The great thing about where I am now, Oranj, is that they have childcare. The other great part is that they have teachers like Laura Martini, Shauna Nyrose and Tamara Logan. Compassionate women who understand that at the root of all happiness and contentment lies a responsibility to nourish thy self. I know each place you go will have it's pros and cons, but I just needed to take a moment to honour the wonderful people who have facilitated this journey for me - especially Danny who has been extremely supportive of my yoga practice.

The hour I get on my mat is so full of introspection, reflection, love, compassion and observation that I feel like I have been to the best counseling session of my life (and believe me I have seen a few counselors in my short time on this earth). Sometimes what I will get from my practice is not immediate. Some classes I am off balance and I can feel my mental instability waver through my body, causing me to fall over repeatedly. I know in those moments I need to get slower, more compassionate and listen to what my body is trying to tell me that perhaps my brain or heart can only convey to through my movements.

I feel an overall greater sense of compassion towards myself and therefore others. I never knew how much tension I was holding in my body - past and present. I feel self-judgement snaking itself into my being and turning up, rearing it's ugly 10 heads, as tension. Tension for me was the inability to relax and be at ease with myself (essentially accept myself) showing me that my constant desire to be better, or more like that woman over there, was ever nipping at my heals. When I would go through something I wouldn't take the time to process it, I would just store it as tension in my body, creating so much pain, discomfort and inflexibility. Ahhh, inflexibility - this is a key word for me and it shows up in so many ways in my life ie. being angry or disagreeing with other's ways of doing things, not wanting to compromise or "give in". The grand desire to BE RIGHT...
Yoga holds up the mirror of my life so that I may see in my minds eye what I need to do to heal. Nourishing myself allows me to become more flexible, and let me tell you, in every sense of the word flexibility is a beautiful thing. It allows you to push past so many limitations that you thought were true, to suddenly realize it was some bullshit lie you kept telling yourself.

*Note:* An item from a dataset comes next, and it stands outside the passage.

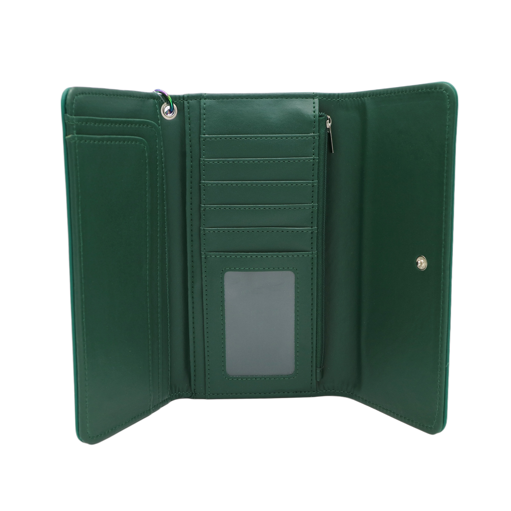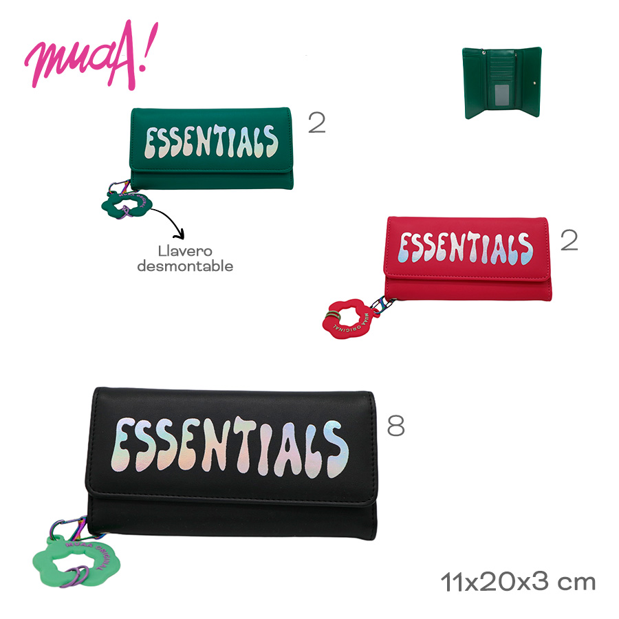 Descripción: Material: 100% PU. -Medidas: 11cm alto x 20cm ancho x 3cm profundidad. -Contiene: Bolsillo interno con cierre, cinco compartimientos organizadores y seis para tarjetas. -Incluye llavero.
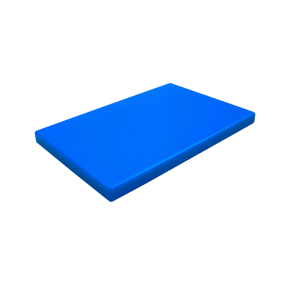 Tábua azul para corte de alimentos, proporcionando uma superfície estável e segura para cortar e preparar comida.

When I am feeling a breakdown coming on, and yes they still do happen, I can understand with clarity why and what lead me to where I am and I am much quicker to react towards what I need to do in order to go through the process of allowing, surrendering and releasing. Most of the time I have starved myself in some way shape or form. I use to look outward for who and what could have done this to me. That is resentment in it's finest form and it'll kill you just like poison.
I go to yoga because I love myself enough to be the woman I was meant to be. A strong, positive and compassionate source for myself and others.
I am always down for a yoga date, especially because Oranj is a safe loving environment for my kiddies and they love to go there. So hit me up ladies!

Thank you to everyone who has helped open my eyes and heart to all that yoga has to offer. I am infinitely grateful.
P.S. Kelli Prieur, if you read this I have made a commitment to myself (and Angela Deighan) to come to one of your retreats!